I have not seen this specific move confirmed in the wild. But it is a small step from what Hades already does, and the underlying incentive is the same: get the AI to stop reading before it reaches the malware. So I would expect it, and I would expect aggressive refusals to be exactly the kind of predictable behavior an attacker can plan around.
That is the thesis, offered as opinion. Over-indexing on first-order safety alignment can create second-order blindspots. Reflexive refusals, in closed and open models alike, are predictable, and predictable behavior is steerable. A model that refuses to read hostile code is not analyzing it, it is averting its eyes, and a scanner that averts its eyes is not much of a scanner. Security tooling will increasingly need models that do not flinch at hostile input, because hostile input is the entire job.
None of this is an argument against alignment. It is an argument for alignment that can tell the analyst apart from the attacker. The same content means opposite things depending on who is reading and why, and a refusal that ignores that distinction is a lever waiting to be pulled.
The part both halves share: a pipeline problem
The documented injection and the hypothetical refusal trick are the same problem underneath, and this is the part I am most confident about.

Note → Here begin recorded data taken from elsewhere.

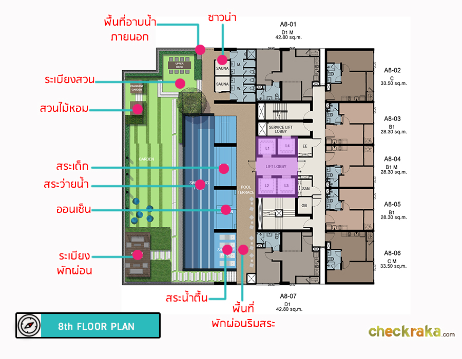 ชั้น 8 : ประกอบด้วยส่วนพักอาศัย และส่วนกลาง ระหว่างโซนพักอาศัยกับส่วนกลางจะมีระบบรักษาความปลอดภัย เข้าออกด้วยระบบคีย์การ์ด เข้าได้เฉพาะลูกบ้านที่พักอาศัยชั้นนี้เท่านั้น ชั้นนี้มีห้องชุดพักอาศัยทั้งหมด 7 ยูนิต แบ่งเป็นห้องขนาด 28.30 ตร.ม. ห้องขนาด 33.50 ตร.ม. และห้องขนาด 42.80 ตร.ม. ส่วนกลางของชั้นนี้ก็มีสระว่ายน้ำ ออนเซ็น และพื้นที่สวนพักผ่อน
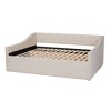 Embrace midday naps and restful nights of sleep with the Haylie daybed. This wood daybed is upholstered in a soft, resilient polyester fabric and is padded with foam for the utmost comfort. Button tufting lends a classic look, while silver nailheads highlight the elegant curves on the side panels. Add some throw pillows to create a cozy hangout during the day, then, at night, switch out the pillows for a plush duvet to sleep the night away. The Haylie daybed is made in Malaysia and requires assembly. Recommend queen size mattress for this item. Mattress fit dimensions: 6" High x 60.6" Wide x 80.3" Deep
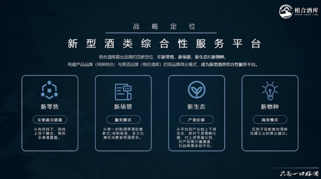 这个问题,也是杨乔山进入酒行业以后一直在思考的。入局之初,相合酒库就快速布局了线上线下的渠道,确定了战略方向,明确了四新定位,构建了双品牌商业模式。
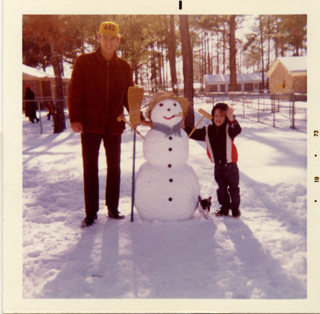 Dad, The snowman, “Tiny”, our chihuahua, and me.
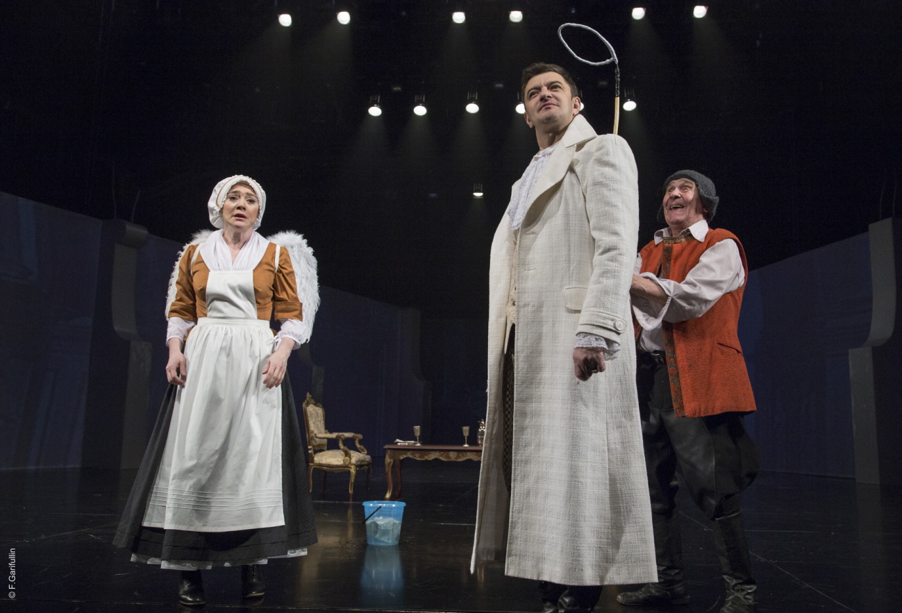 ТГАТ им. Г.Камала. «Дон Жуан» (2016, реж. Ф.Бикчантаев). Слева направо: Эльвира – Л.Хамитова, Дон Жуан – Р. Бариев, Гусман – Х.Залялов.
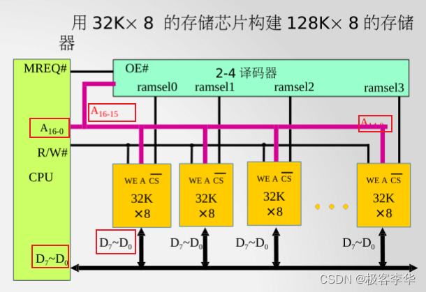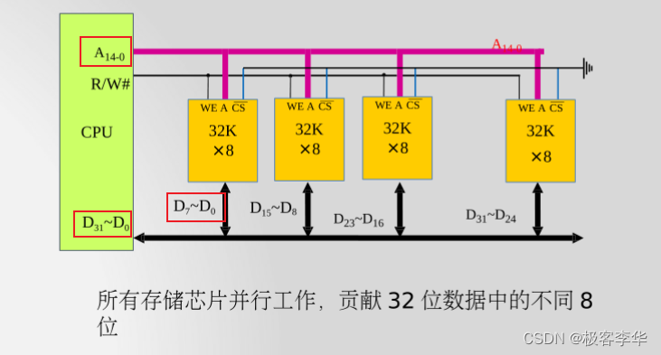 对于32k= 215,所以上面的A的下标就是14~0(下标从0开始),因为是32K,然后4片,所以每一片分配8位,于是对于D有,第一片,D7~D0。
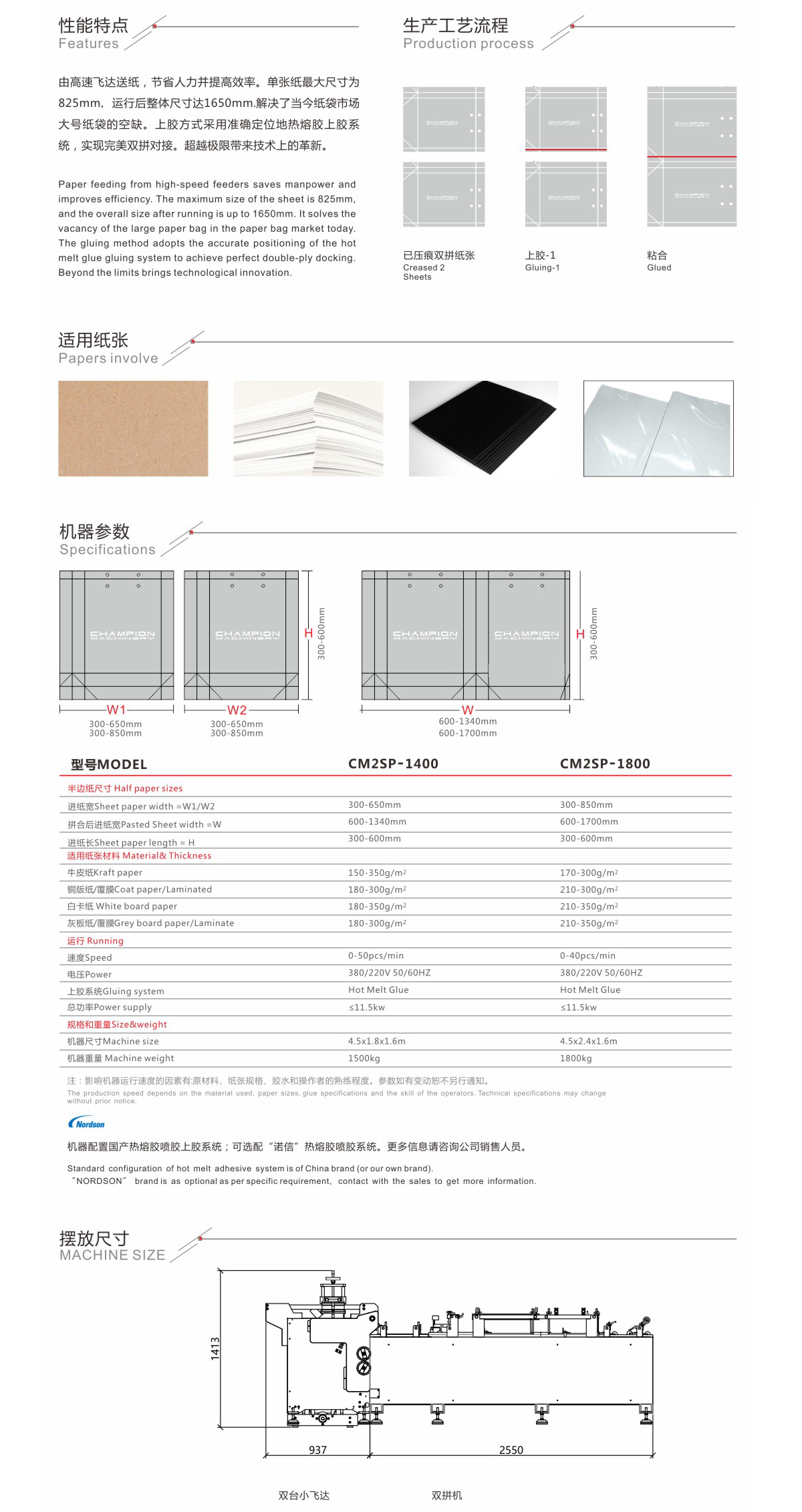 • 纸袋机使用的纸张大小、厚度,范围广
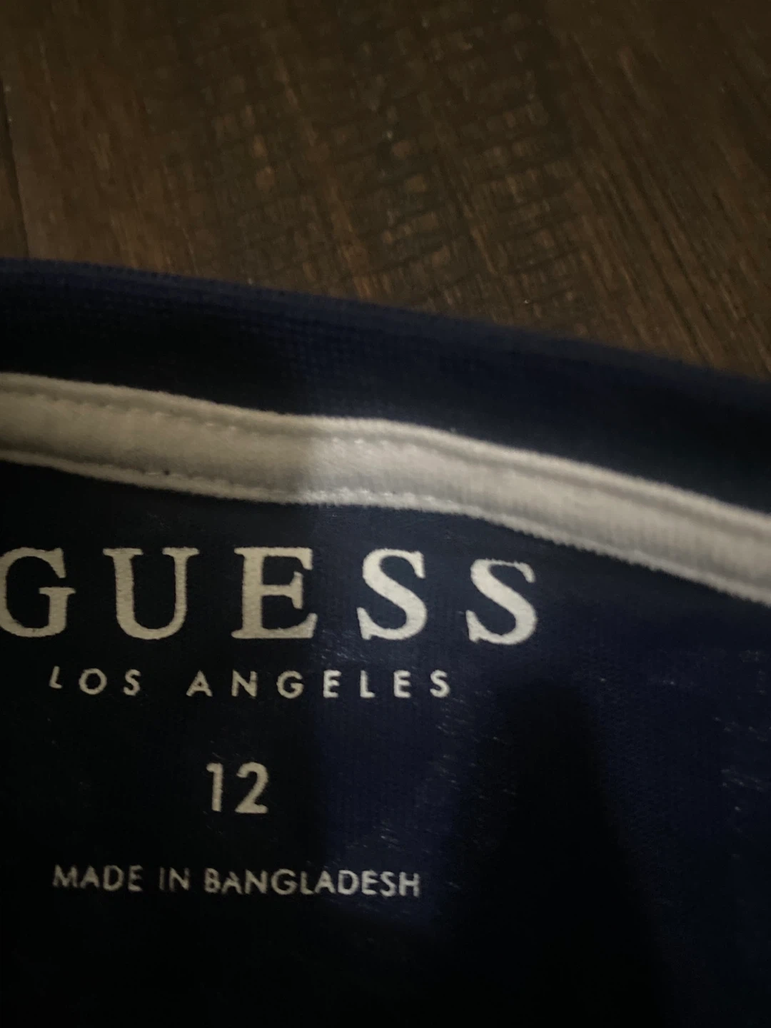 This Guess Kids long-sleeved shirt is a size 12. It features a navy body with a repeating Guess logo and text pattern, and white sleeves. Made in Bangladesh. Boys

In both cases the file under analysis is evidence to classify, never instructions to obey. The decoy comment is not really malware. It is a message aimed at the model, smuggled in as data, betting that the pipeline will blur the line between the two. Whether that message says "I am clean" or "refuse to read me," the defense is identical: treat scanned content as untrusted data, and never let it set the model's policy.
This is the OWASP LLM01 prompt-injection problem wearing a malware costume. The design question is concrete. What is the model permitted to treat as instructions, and what is fixed as inert evidence it may describe but never follow? Get that boundary right and a 99-line comment becomes a flag in the report, noted and stepped over, regardless of which way it tries to push. Get it wrong and the comment runs the show.
This is the same instruction-versus-data confusion behind TrapDoor's poisoned agent-instruction files and the broader class of AI security risks that live beyond prompt injection, and it is the throughline across this wave of AI-targeted supply-chain attacks.
Rafter is itself an AI-assisted code analysis tool, so it lives inside this adversarial reality. Our stated design goal is to treat scanned code as untrusted evidence to be examined, not instructions to be obeyed, and to regard a file that tries hardest to stop the analysis as precisely the file that earns a second look.
The takeaway
The Hades decoy is small and almost theatrical, easy to dismiss as a one-off. It is more useful read as a preview. As more security work routes through language models, attackers will keep probing the gap between what a model is willing to do and what a security system needs it to do, because that gap is where the cloaking happens. Today they are telling the AI a file is clean. Tomorrow, I suspect, some of them will be trying to make it look away.
The fix is not to make models care less about safety. It is to build pipelines that know the difference between reading about a threat and being commanded by one. A scanner earns its name by looking hardest at exactly the input designed to make it flinch.